Recommendation to EMC: Perhaps it would be worthwhile requiring a “-y” argument to nsrstage if staging savesets from disk backup units and specifying only the saveset ID.

Recommendation to NetWorker administrators: Always be careful when staging that you specify both the saveset and the clone ID.

Number 9 – Basics – Important mminfo fields

In May I wrote about a few key mminfo fields – notably:

  • savetime
  • sscreate
  • ssinsert
  • sscomp
  • ssaccess

Sadly, I didn’t get the result I wanted with EMC on ssaccess. Documented as being updated whenever a saveset fragment is accessed for backup and recovery, the most I could get was an acknowledgement that it was currently broken and to lodge an RFE to get it fixed. (The alternative was to have the documentation changed to take out reference to read operations – something I didn’t want to have happen!)

Recommendation to EMC: ssaccess would be a particularly useful mminfo field, particularly when analysing recovery statistics for NetWorker. Please fix it.

Number 8 – Basics – Listing files in a backup

Want to know what files were backed up as part of the creation of a saveset? If you do, you’re not unique – this has remained a very popular article since it was written in January.

Recommendation to EMC: This information can be retrieved via a combination of mminfo/nsrinfo, but it would be handy if NMC supported drilling down into a saveset to provide a file listing.

Number 7 – Using yum to install NetWorker on Linux

NetWorker’s need for dependency resolution on Linux for installation of the client packages in particular drew a lot of people to this article.

Number 6 – Basics – mminfo, savetime, and greater than/less than

This article explained why NetWorker uses the greater than and less than signs in mminfo in a way that newcomers to the product might find backwards. If you’re not aware of why mminfo works the way it does for specifying savetimes, you should be.

Number 5 – 7.5(.1) changed behaviour – deleting savesets from adv_file devices

This was a particularly unpleasant bug introduced into NetWorker 7.5, thankfully resolved now in the cumulative service releases and NetWorker 7.6

The gist of it is that in NetWorker 7.5/7.5.1 (aka 7.5 SP1), if you deleted a saveset on a disk backup unit, NetWorker would suffer a serious failure where it would from that point have issues cleaning regular expired savesets from the disk backup unit and insist that the disk backup unit had major issues. The primary error would manifest as:

nsrd adv_file warning: Failed to fetch the saveset(ss_t) structure for ssid 1890993582

This was fixed in 7.5.1.2, thankfully.

Recommendation to EMC: Never let this bug see the light of day again, please. (So far you’re doing an excellent job, by the way.)

Number 4 – NetWorker 7.5.1 Released

I’ve recently noticed a disturbing trend among many vendors, EMC included, where once a new release is made of a product, sales and account staff become overly enthusiastic about recommending new releases. This comes on top of not really having any technical expertise. (Please be patient, I’m trying to put this as diplomatically as possible.)

One of the worst instances I’ve seen of this in the last few years was the near-hysterical pumping of 7.5 thanks to some useful features to do with virtualisation in particular. I’ll admit that my articles on the integration between Oracle Module 5 and NetWorker 7.5, as well as Probe Based Backups may have added to this. However, there was somewhat of a stampede to 7.5 when it came out, and consequently, when it had some issues, there was strong enthusiasm for the release of 7.5.1.

This is why, by the way, that IDATA maintains for its support customers a recommended versions list that is not automatically updated when new versions of products come out.

Recommendation to EMC: Remind your sales staff that existing users already have the product, and not to just go blindly convincing them to upgrade. Otherwise you’ll eventually start sounding like this.

Number 3 – Carry a jukebox with you (if you’re using Linux)

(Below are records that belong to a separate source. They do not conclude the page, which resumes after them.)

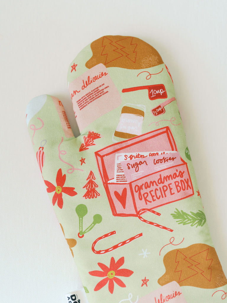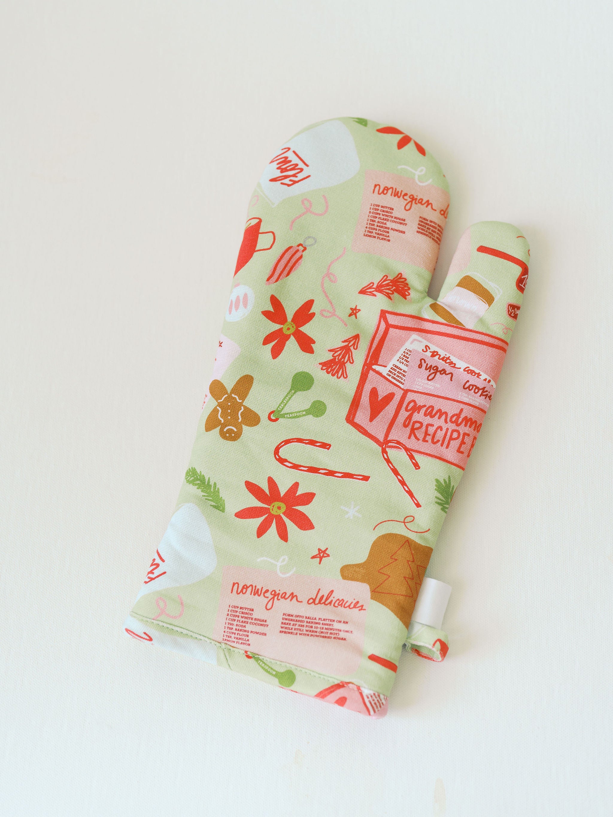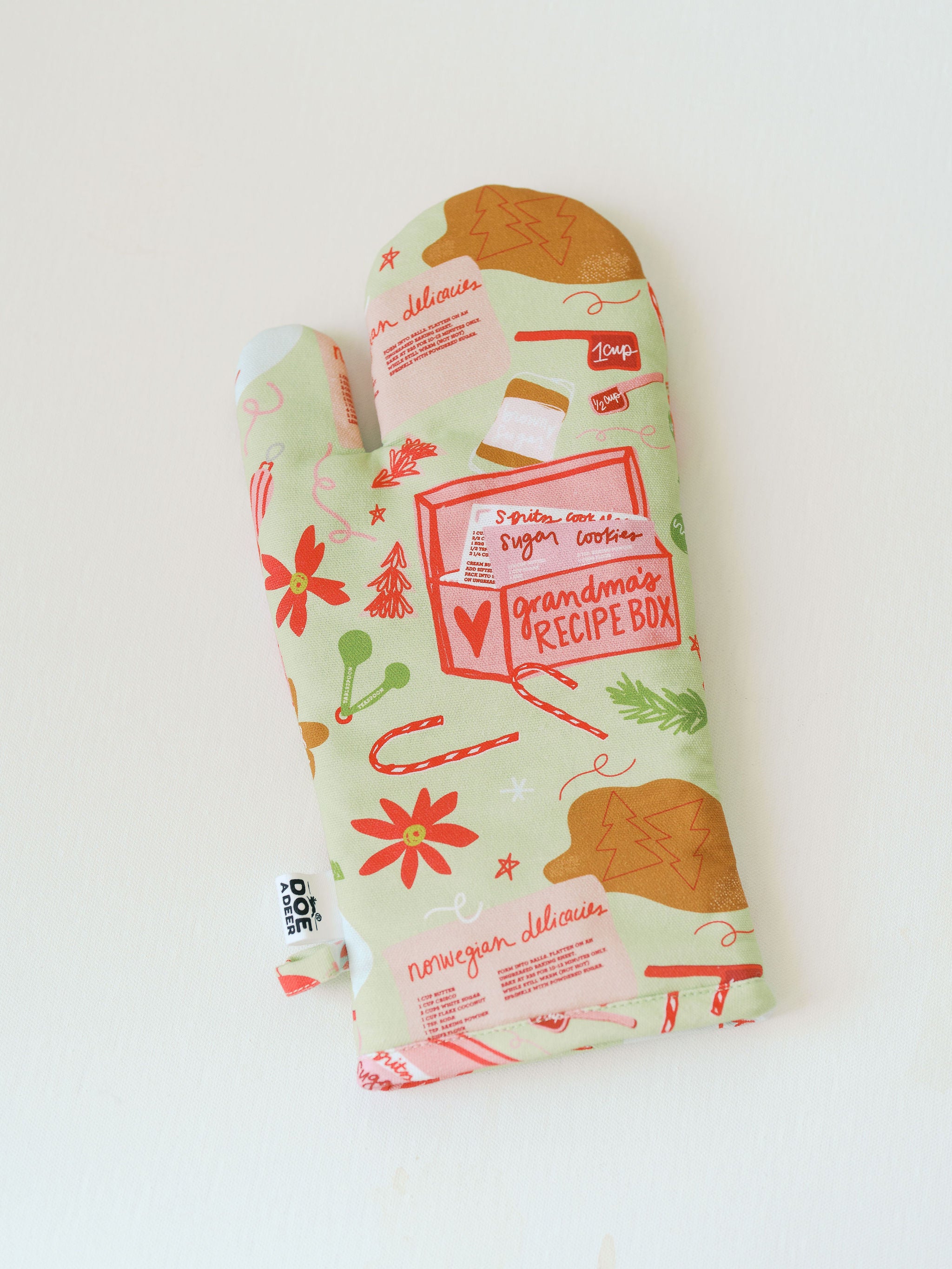 Pull your favorite holiday bakes from the oven with a mitt full of memories! Our Heirloom Baking Oven Mitt features a charming print of handwritten recipe cards, candy canes, cookie cutters, and cozy kitchen details—all inspired by generations of Christmas baking traditions.
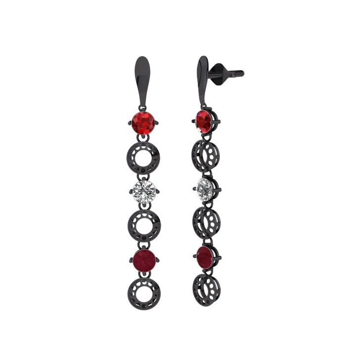 Garnet, beyaz zirkon ve kök yakut 925 ayar siyah rodyum kaplama gümüş küpe
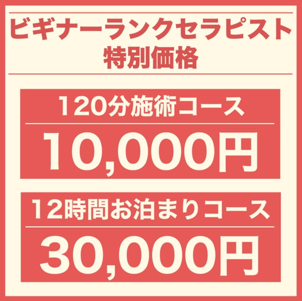ビギナーランクのセラピストは上記価格(指名料込)にてご案内いたします! !
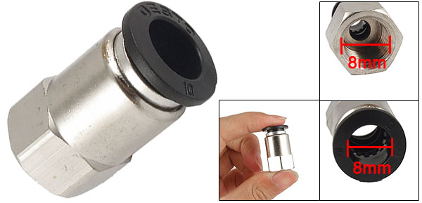 Item Name Pneumatic Fitting Total Size 25 x 15mm/1'' x 0.6'' (L*Max.D) Thread Diameter 8mm/0.3'' Fit Tube Outer Diameter 8mm/0.3'' Material Metal, Plastic Color Silver Tone, Black Weight 14g Package Content 1 x Pneumatic Fitting - Reviews
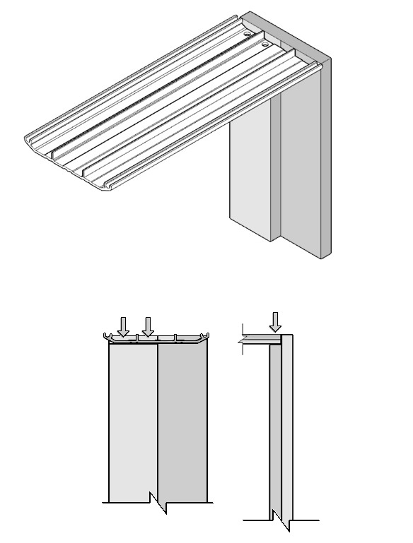 - Affix the shorter casing to the internal top of the doorway with finishing nails and apply silicone to the joining faces.
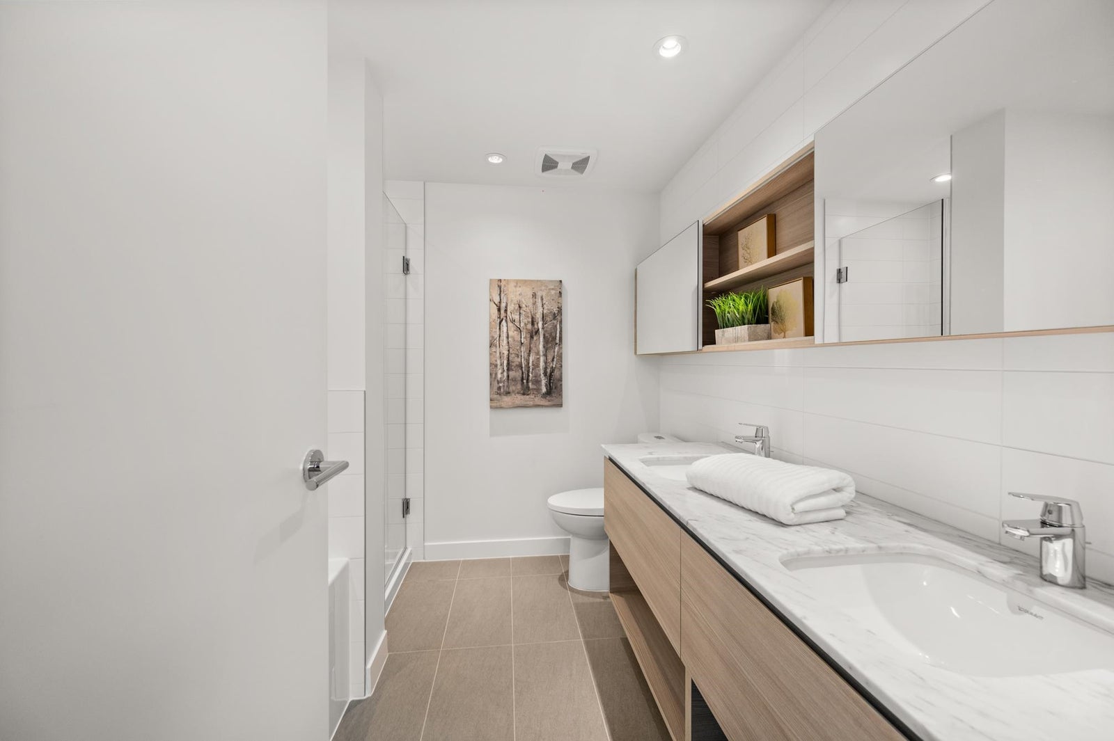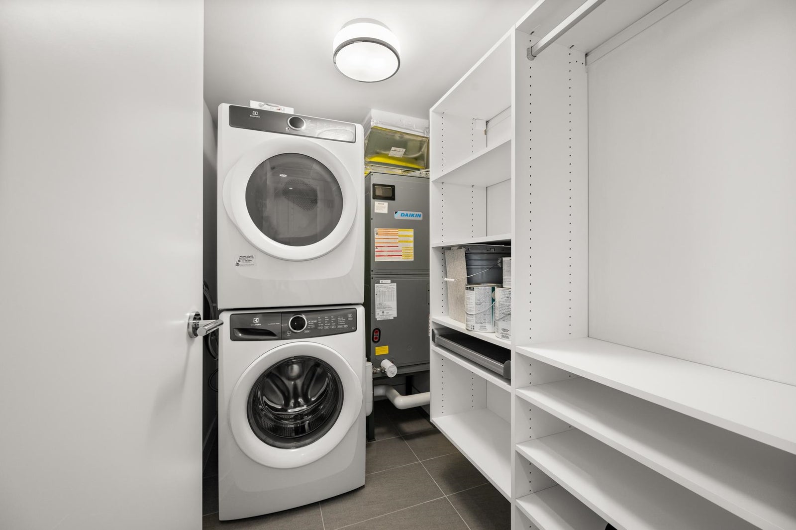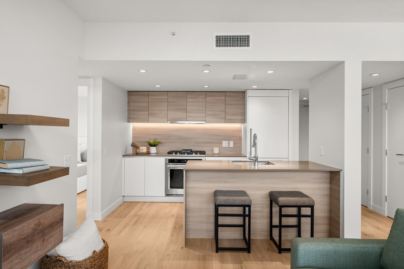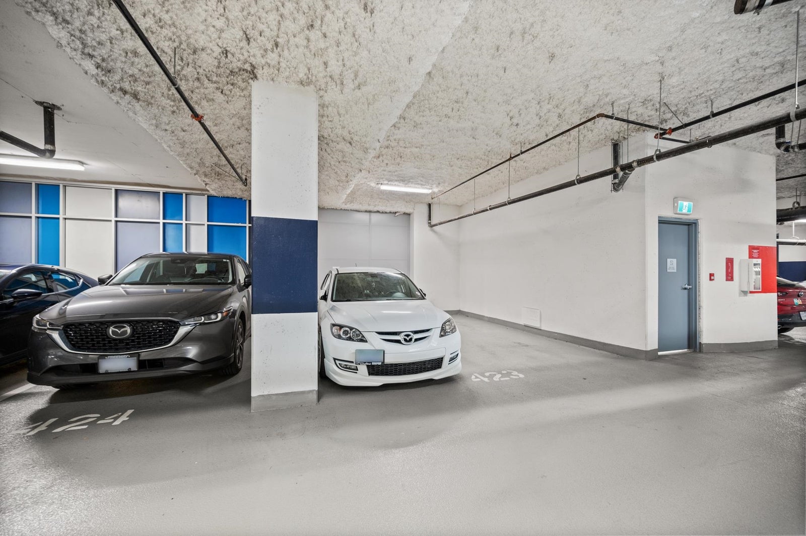 Open House Sat Oct 25th 230-4pm! BONUS 2 PARKING STALLS-LARGE enough to fit 3 VEHICLES! WATERFRONT Living BREATHTAKING Fraser River & mountain view! Built by BOSA stunning 3 BDRM 2 BTHRM SUB-PENTHOUSE features an open-concept layout, incredible natural light, engineered HW floors, custom pantry & Cali-closet organizers & roller blinds! Kitchen boasts quartz counters, S/S appliances, a gas stove & A/C throughout! Spacious master suite that can easily fit a king-size bed, has a spa-like ensuite & walk-in closet. Covered 239 sqft balcony great for entertaining! BONUS laundry room w/ extra storage, EV charger & locker. Steps to Quay Market, Boardwalk, cafes, restaurants, SkyTrain. Amenities F/T concierge, gym, bike room, clubhouse & parcel box 2 pets OK! Currently rents large stall for $300!
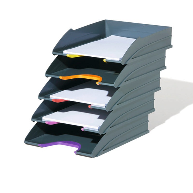 FeaturesMade in Europe from premium-quality plasticsCan be stacked one on top of the other or staggered for easier access to contentsTrays are Charcoal with Yellow, Orange, Red, Light Purple, and Purple accents DetailsOur Varicolor Adjustable Letter Trays
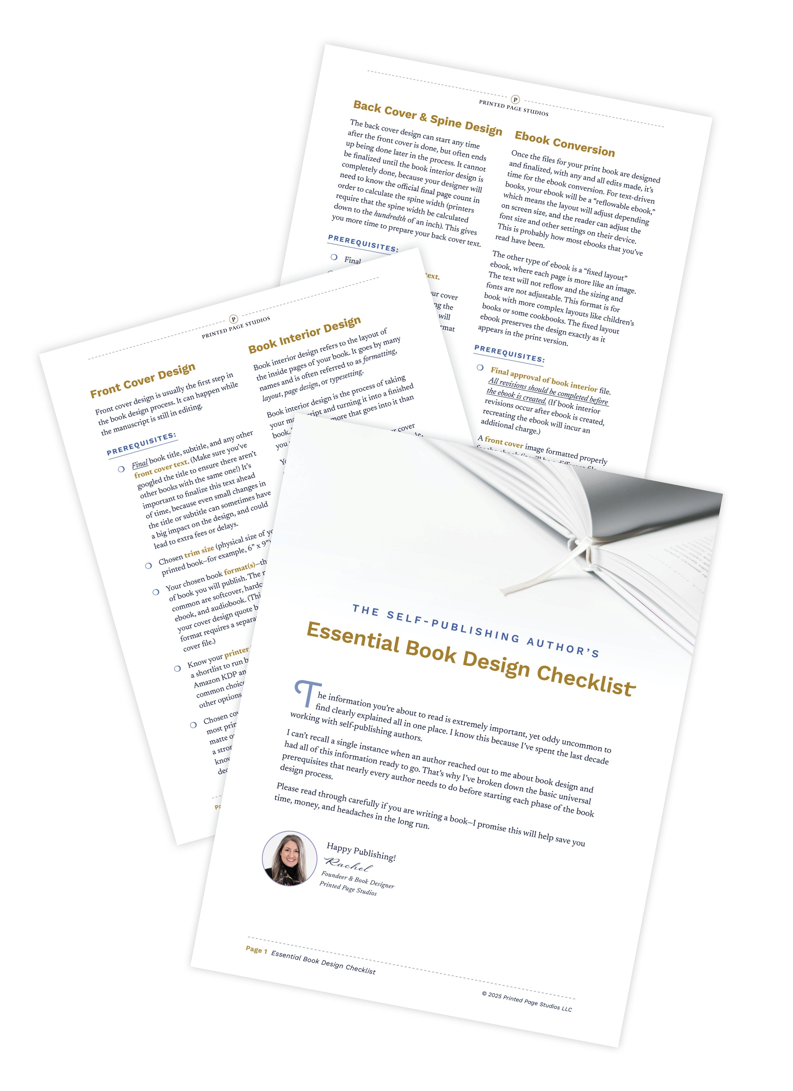 Hey, I'm Rachel. I'm a book cover and interior designer with a passion for creating the highest quality self-published books. I founded Printed Page Studios to provide top quality, bespoke cover and interior design for purpose-driven nonfiction authors. I also run the Book Designer Collective, a private online community just for book designers.
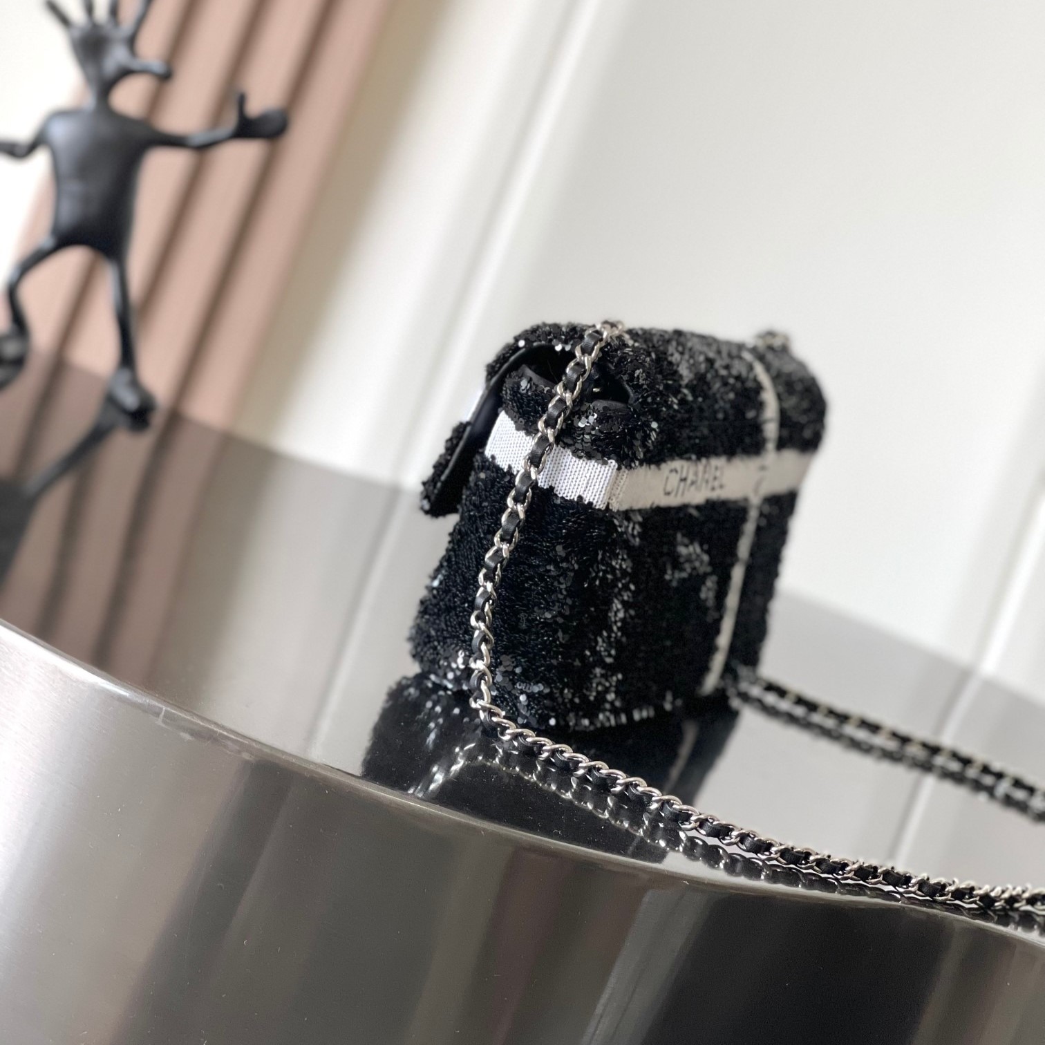 [True-to-ORIGINAL] Chanel Sequin Bow Mini Flap Bag Black
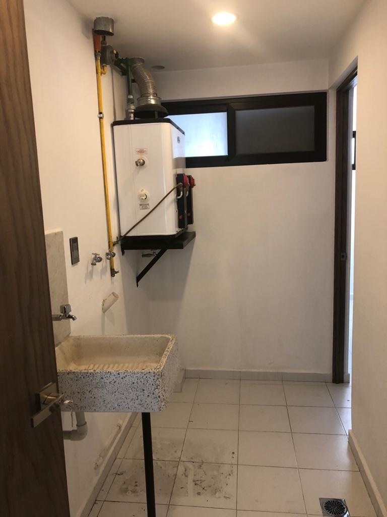 Departamento nuevo de 2 recamaras cada una con baño, sala comedor, cocina abierta, tiene un balcón de buen tamaño en área social, cuarto de servicio con baño privado, cuarto de lavado, vigilancia las 24 horas, dos lugares de estacionamiento .
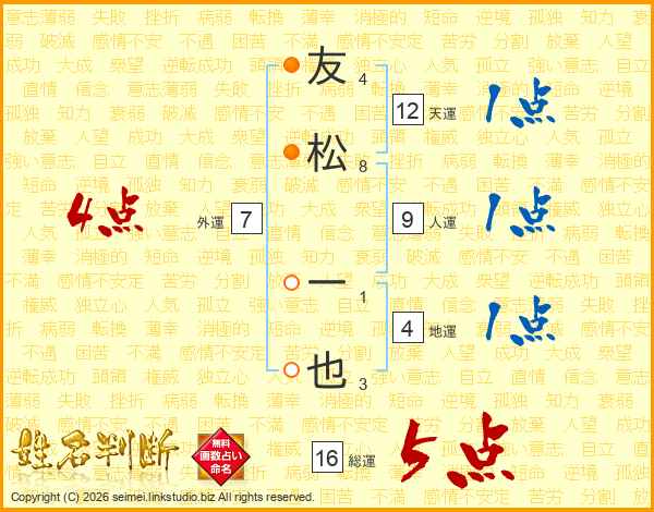 あなたの人生を表す1番重要な運勢です。生涯を通じて影響する総合運となり、主に50歳以降の晩年期に影響を及ぼします。苗字と名前の合計画数。

During 2009, Mark Harvey’s LinuxVTL project first got the open source LinuxVTL working with NetWorker in a single drive configuration, then eventually, in multi-drive configurations. (Mark assures me, by the way, that patches are coming real soon to allow multiple robots on the same storage node/server.)

Lesson for me: With the LinuxVTL configured on multiple lab servers in my environment, I’ve really taken to VTLs this year, and considerably changed my attitude on using them. (I’ll say again: I still resent that they’re needed, but I now respect them a lot more than I previously did.)

Lesson for others: Even Mark himself says that the open source VTL shouldn’t be used for production backups. Don’t be cheap with your backup system, this is an excellent tool for lab setups, training, diagnostics, etc., but it is not a replacement to a production-ready VTL system. If you want a VTL, buy a VTL.

Number 2 – Basics – Parallelism in NetWorker

Some would say that the high popularity of an article about parallelism in NetWorker indicates that it’s not sufficiently documented.

I’m not entirely convinced that’s the case. But it does go to show that it’s an important topic when it comes to performance tuning, and summary articles about how the various types of parallelism interact are obviously popular.

Lesson for everyone: Now that the performance tuning guide has been updated and made more relevant in NetWorker 7.6, I’d recommend people wanting an official overview of some of the parallelism options checking that out in addition to the article above.

Number 1 – Basics – Fixing “NSR peer information” errors

Goodness this was a popular article in 2009 – detailing how to fix the “NSR peer information” errors that can come up from time to time in the NetWorker logs. If you’re not familiar with this error yet, it’s likely you will eventually as a NetWorker administrator see an error such as:

39078 02/02/2009 09:45:13 PM  0 0 2 1152952640 5095 0 nox nsrexecd SYSTEM error: There is already a machine using the name: “faero”. Either choose a different name for your machine, or delete the “NSR peer information” entry for “faero” on host: “nox”

Recommendation for EMC: Users shouldn’t really need to be Googling for a solution to this problem. Let’s see an update to NetWorker Management Console where these errors/warnings are reported in the monitoring log, with the administrator being able to right click on them and choose to clear the peer information after confirming that they’re confident no nefarious activity is happening.

Wrapping Up

I have to say, it was a fantastically satisfying year writing the blog, and I’m looking forward to seeing what 2010 brings in terms of most useful articles.

 

Something that continues to periodically come up is the need to remind people running manual staging to ensure they specify both the SSID and the Clone ID when they stage. I did some initial coverage of this when I first started the blog, but I wanted to revisit and demonstrate exactly why this is necessary.

The short version of why is simple: If you stage by SSID alone, NetWorker will delete/purge all instances of the saveset other than the one you just created. This is Not A Good Thing for 99.999% of what we do within NetWorker.

So to demonstrate, here’s a session where I:

  1. Generate a backup
  2. Clone the backup to tape
  3. Stage the saveset only to tape

In between each step, I’ll run mminfo to get a dump of what the media database says about saveset availability.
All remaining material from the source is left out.